A Patient with Propofol and Sevoflurane Allergy: Is it Possible?

Kubal K, Salik I, Barst S, Zaidman G, Junge J
New York Medical College, Valhalla, New york, USA

Introduction:
Kniest dysplasia, described by William Kniest in 1952 as an “atypical chondrodysplasia,” is caused by mutation of the COL2A1 gene which encodes type II collagen. Patients exhibit craniofacial abnormalities such as macrocephaly, flat midface and nose root, and cleft palate. Abnormal tracheal cartilage may result in tracheomalacia. Ventilation and perfusion usually remain unaffected, despite a short, narrow chest. We present a patient with a history of Kniest syndrome.
Case Presentation:
A 6 year old male presents with mitochondrial disorder, skeletal deformities, infantile spasms, severe developmental delay, asthma and bilateral cataracts for an eye EUA prior to cataract surgery. His mother describes a “catastrophic allergic reaction” to previous anesthetic including propofol and sevoflurane, causing irreparable neurologic damage.

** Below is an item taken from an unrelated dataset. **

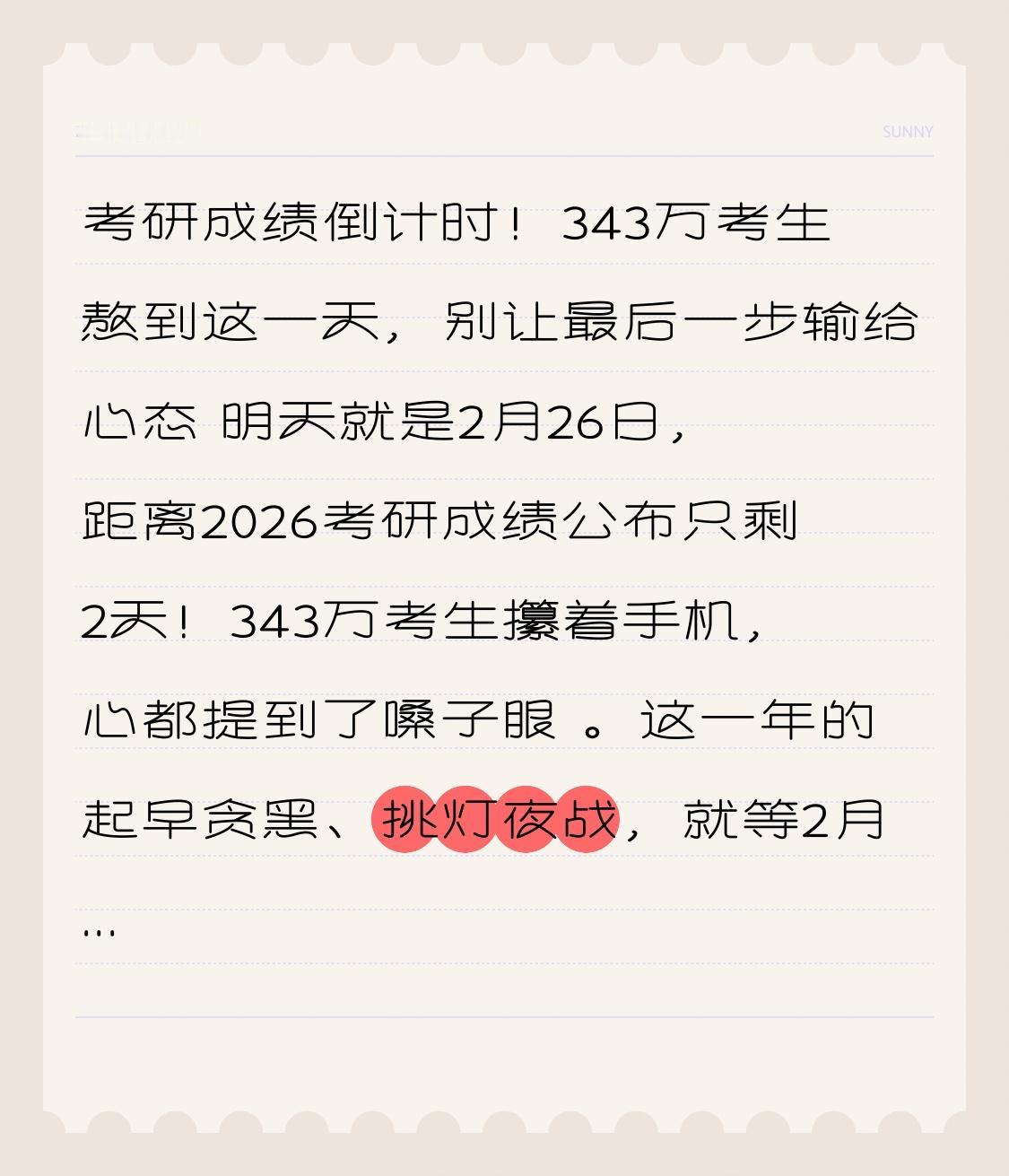 考研成绩倒计时!343万考生熬到这一天,别让最后一步输给心态 明天就是2月26日,距离2026考研成绩公布只剩2天!343万考生攥着手机,心都提到了嗓子眼 。这一年的起早贪黑、挑灯夜战,就等2月28日8点后的那一纸分数 。 你是不是也这样:刷遍了所有查分入口,盯着日历反复看,明明很想知道结果,却又害怕点开屏幕的那一刻。有人把准考证藏了又藏,有人对着书桌前的字帖默默祈祷,那份紧张,比高考还要揪心。 转折来了: 考研不仅考分数,更考心态。哪怕成绩出来不如意,也绝不代表你的人生判了死刑。 记住,每年都有擦线逆袭的人,也有一战失利却二战上岸的传奇。分数只是一个阶段的总结,不是未来的定论。你要做的,不是坐等结果,而是做好两手准备:估分高的,提前备复试;估分不稳的,盯紧调剂通道 。 不要在焦虑中内耗,不要因为等待而荒废。把时间用在刀刃上,练习口语、准备专业课、研究调剂院校,哪怕最终结果不如愿,这些努力也会变成你前行的底气。 父母做好了饭菜,朋友发来鼓励,身后一直有人撑着你。无论结果如何,这段坚持的时光都值得骄傲。人生没有白走的路,每一步都算数。 2月28日,大胆点开那个查询键吧。上岸是最好的礼物,落榜也有重新出发的勇气。 加油,每一个不甘平凡的你,都配得上更好的结局!

Physical exam revealed a 12.5 kg nonverbal wheelchair bound male with contractures and small mouth opening. After placement of ASA monitors and pre-oxygenation, an IV was placed in the OR with an ultrasound. 12 ug dexmedetomidine and 25 mg of ketamine were given to induce. A 3.5 uncuffed ET tube was placed following multiple failed attempts with an appropriately sized ET tube; subglottic stenosis was suspected. The patient was paralyzed with rocuronium and maintained on dexmedetomidine infusion. After uneventful extubation he was discharged home that day, subsequently undergoing cataract surgery successfully with the same anesthetic plan.
Discussion:
Kneist syndrome patients present multiple anesthetic challenges. They are at risk for atlantoaxial instability. Head and neck stabilization during intubation and refraining from severe respiratory depression is recommended. Respiratory failure is contingent on the degree of kyphoscoliosis. Growth retardation is common. Large deformed epiphyses, broad metaphyses and short tubular bones result in a “dumbbell” shape, seen in attached figures. Joint space is narrowed with limited mobility. Early-onset myopia, retinal detachment, and sensorineural hearing loss are common. Fixed flexion of major joints make IV access and positioning a challenge. Considering the multiple connective tissue abnormalities related to airway management, difficult intubation can be anticipated. Our patient is a unique case of Kniest dysplasia with multiple anesthetic allergies. Knowledge of comorbidities and a good history are paramount in delivering a safe anesthetic.
References:
Kniest W. Zur Abgrenzung der Dysostosis enchondralis von der Chondrodystrophie. Ztschr Kinderh 1952;70:633–70.
Winterpacht A, Hilbert M, Schwarze U, Mundlos S, Spranger J, Zabel BU. Kniest and Stickler dysplasia phenotypes caused by collagen type II gene (COL2A1) defect. Nat Genet 1993;3:323–26.
Gilbert-Barnes E, Langer LO, Jr, Opitz JM, Laxova R, Sotelo-Arila C. Kniest dysplasia: radiologic, histopathological and scanning electronmicroscopic findings. Am J Med Genet 1996;63:34–45.